Release mechanism and kinetic exchange for phosphorus (P) in lake sediment characterized by diffusive gradients in thin films (DGT).

Diffusive gradients in thin films (DGT) technique has been newly designed for the identification of formation mechanisms of "internal phosphorus (P)-loading" and the numerical simulation of P exchange at DGT/sediment interface in Lake Dianchi. The primary mechanism was Fe-redox controlled P release from Fe-bound P in sediments, which was revealed by CDGT (P and Fe), total P (Fe) and P (Fe) fractions in NH4Cl and BD phases in sediments and their relationships at sites (N-T).
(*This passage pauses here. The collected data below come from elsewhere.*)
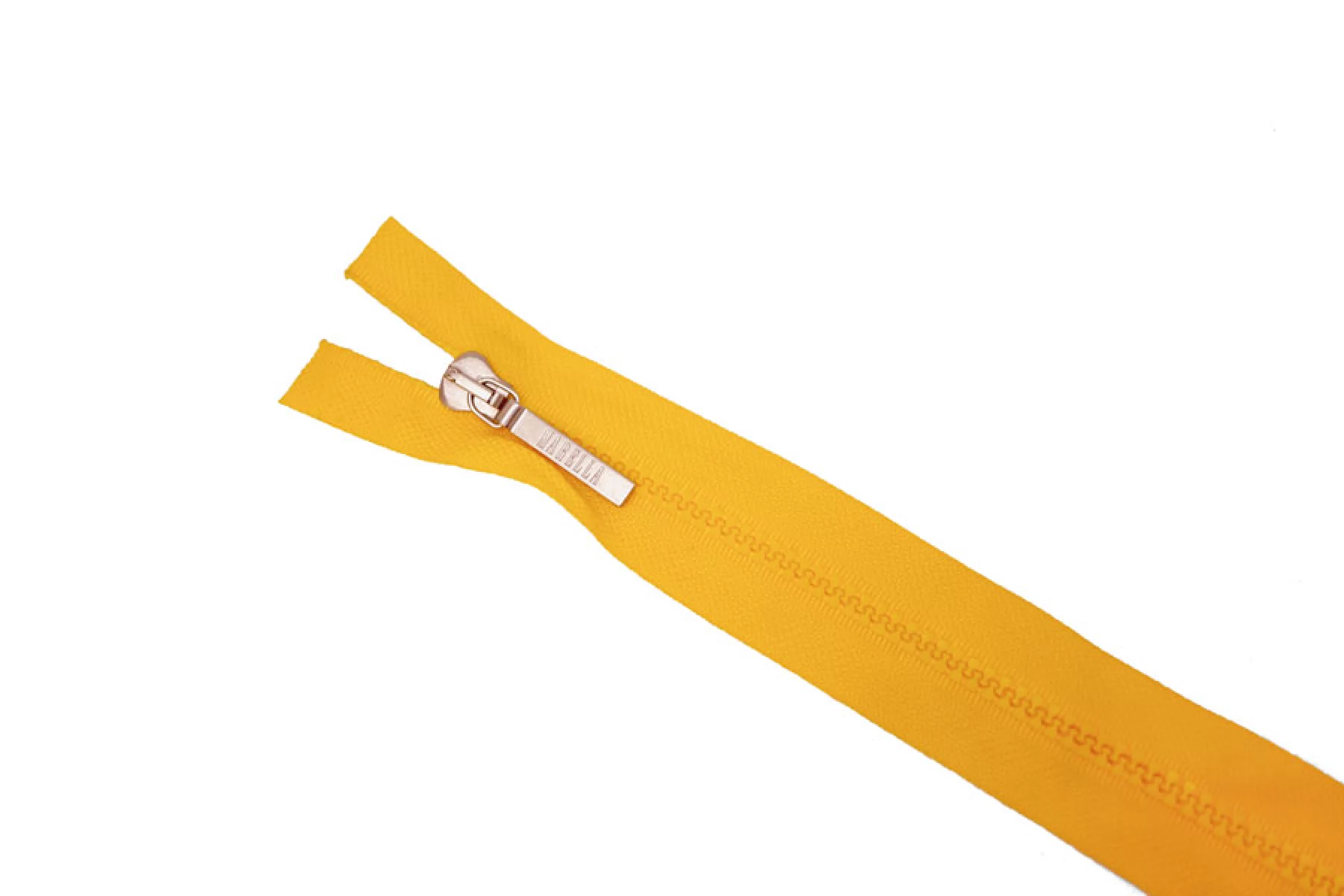 Молния "Lampo" тракторная пластиковая двухзамковая, разъёмная, желтого цвета, слайдер и пуллер серебряного цвета, цвет зубцов желтый. Длина 61 см.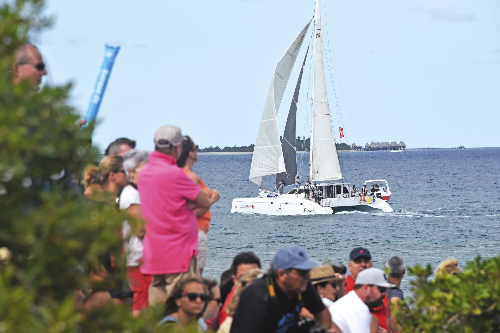 Dès 8 heures du matin, le rocher à la Voile a été pris d’assaut par près de 1 000 personnes venues voir le départ. On pouvait aussi compter une centaine de bateaux au mouillage entre la baie des Citrons et l’île aux Canards.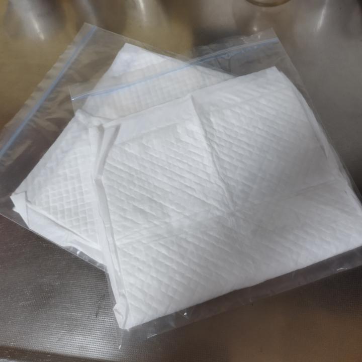 ①チャック付き袋にペットシートを入れる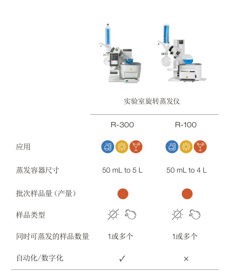 蒸發(fā)系統(tǒng)家族中最常使用的成員當然是實驗室旋轉(zhuǎn)蒸發(fā)儀。作為化學實驗室的主力軍,實驗室級的旋轉(zhuǎn)蒸發(fā)儀是蒸發(fā)和蒸餾從 20 mL 到 3 L 樣品的理想選擇。R-100 和 R-300 還可以處理光敏或者易起泡的樣品,根據(jù)不同的配件,你甚至可以同時蒸發(fā)多個樣品。你可以在檢測實驗室和研發(fā)實驗室,以及酒吧、酒廠和分子廚房中發(fā)現(xiàn)他們的身影。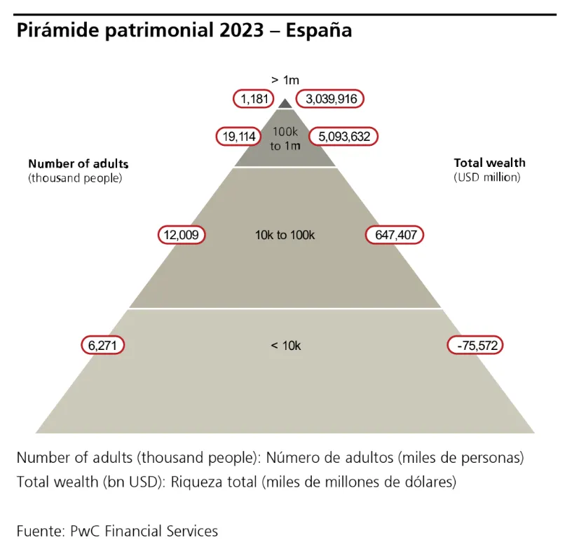 Sin embargo, a pesar de ello, España, junto a Grecia y Portugal, no ha participado en el repunte de la riqueza a escala mundial, que en 2023 aumentó un 4,2% compensado así la pérdida de riqueza de 2022. Los que sí han contribuido a esta recuperación han sido Europa, Oriente Medio y África, región que creció un 4,8%, así como en Asia-Pacífico, donde la riqueza aumentó un 4,4%.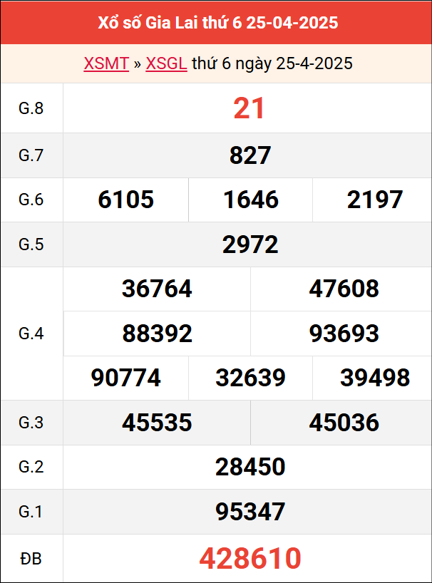 Bảng kết quả Gia Lai ngày 25/4/2025 tuần trước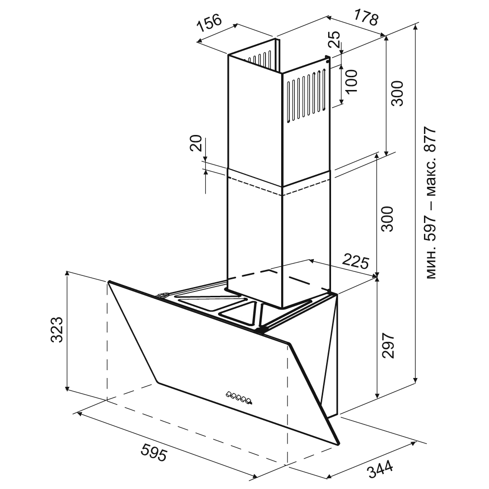Описаниевытяжка наклонная, 60 см, 700 м3/ч, белый

The breakdown of algae biomass in the top layer of sediments at sites (O-T) and the coupled P/Fe/sulfur reactions at two depths at site N played a minor role in P release. The "internal P-loading" was calculated to be 19.23ta-1, which was 3.0% of the "entering P-loading". At sites (1-9), DGT induced flux in sediments (DIFS) model for P was used to derive curves (i) the resupply parameter (R) against deployment time and (ii) the dissolved/sorbed concentrations against the distance at DGT/sediment interface, the variation characters of which were controlled by kinetics and sediment-P pool. Sulfide microniches in sediments related to P release were evaluated by computer imaging densitometry (CID). DGT-DIFS-CID should be a reliable method to reveal P mobilization in lake sediments.